TAOISEACH ENDA Kenny has described as “outrageous” remarks by an obstetrician about shortages in midwifery services in the mid-west.
Dr Gerry Burke, a consultant obstetrician at the Mid-Western Regional Maternity Hospital in Limerick and chairman of the Labour Party in Limerick, had warned that mothers and their new babies could die because of the number of midwives due to retire by the end of February.
Fianna Fáil Limerick TD Willie O’Dea called on the Taoiseach to give an assurance that the HSE and Department of Health had a contingency plan to deal with the staff crisis in the hospital’s maternity services, where 47 of the hospital’s 200 midwives would leave through early retirement.
Dr Burke had said the HSE and the Department of Health had no plans to deal with the shortfall.
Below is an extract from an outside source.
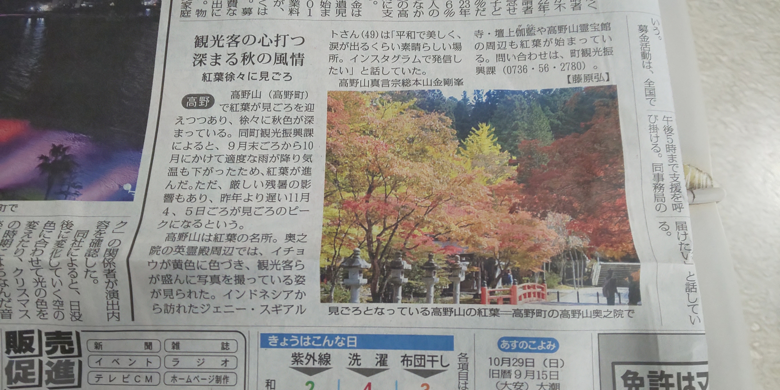 紅葉見物とジャズライブ 2023 10/29 お知らせ 2023年10月29日 2023年10月29日 昨日宿泊されたお客様は沖縄から来られました。夜には近くのジャズライブ古民家レストランにお連れし大満足でした。トマトチキンが美味しかったとのこと。翌日は沖縄にはないという高野山の今盛りの紅葉を見物に行くそうです。カーナビでは指示ない快適に走れる国道480号線をお教えしました。涙が出るくらいの素晴らしい休日を!(画像記事 毎日新聞提供) DSC_1997 お知らせ 高野山町石道登山について 旅館の住所位置 関連記事 行楽シーズン 2025年11月7日 町石道通行止め解除されました 2025年10月16日 宿泊業界における観光と金融に関する全国懇談会参加 2025年9月12日 令和7年度上期ラックレート発表 2025年2月11日 九度山地図 2024年11月10日 お客様からの情報 2024年11月8日 高野山町石道最新情報 2024年9月13日 2024年度下期ラックレート発表 2024年8月25日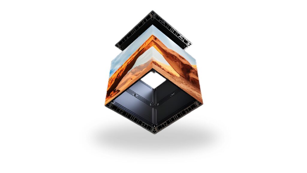 The Euronics project utilized the MOBILIS-FT series, a next-generation indoor LED solution designed to offer maximum flexibility, superior visual performance, and total architectural integration. MOBILIS-FT stands out for its ultra-slim design, with an overall thickness of just 33 mm and 30 mm cabinets, ideal for applications where space is critical. The system’s modularity allows different formats (1000×500 mm, 1000×250 mm, 500×500 mm, and 500×250 mm) to be freely combined for customized configurations and creative shapes, such as digital portals, curved walls, or 90° corner structures. Thanks to cable-free connections and panel rotation capability, MOBILIS-FT offers nearly unlimited design freedom, enabling installations with sharp angles and perfect visual continuity. The lightweight design at 18 kg/m² facilitates mounting on walls, suspended structures, or floors, making it suitable even for complex retail environments or architecturally constrained spaces.

Mr Kenny said Dr Burke’s comments were outrageous and “beyond the norm for a medical person of his stature to equate the process of staff legitimately leaving the health service under the programme with an attack – in the context of paying back money to German banks – on babies and pregnant mothers”.
He told Mr O’Dea he “can take it that the HSE has a contingency plan”.
But “it is not possible to determine the outcomes until we know the numbers of those who intend to leave” as staff could decide to leave right up to the deadline.Once the numbers leaving were known, the HSE’s and department’s plans “will come into play”.
When Mr O’Dea said Dr Burke was chairman of the Labour Party in Limerick, he was ruled out of order for referring to the politics of someone outside the House.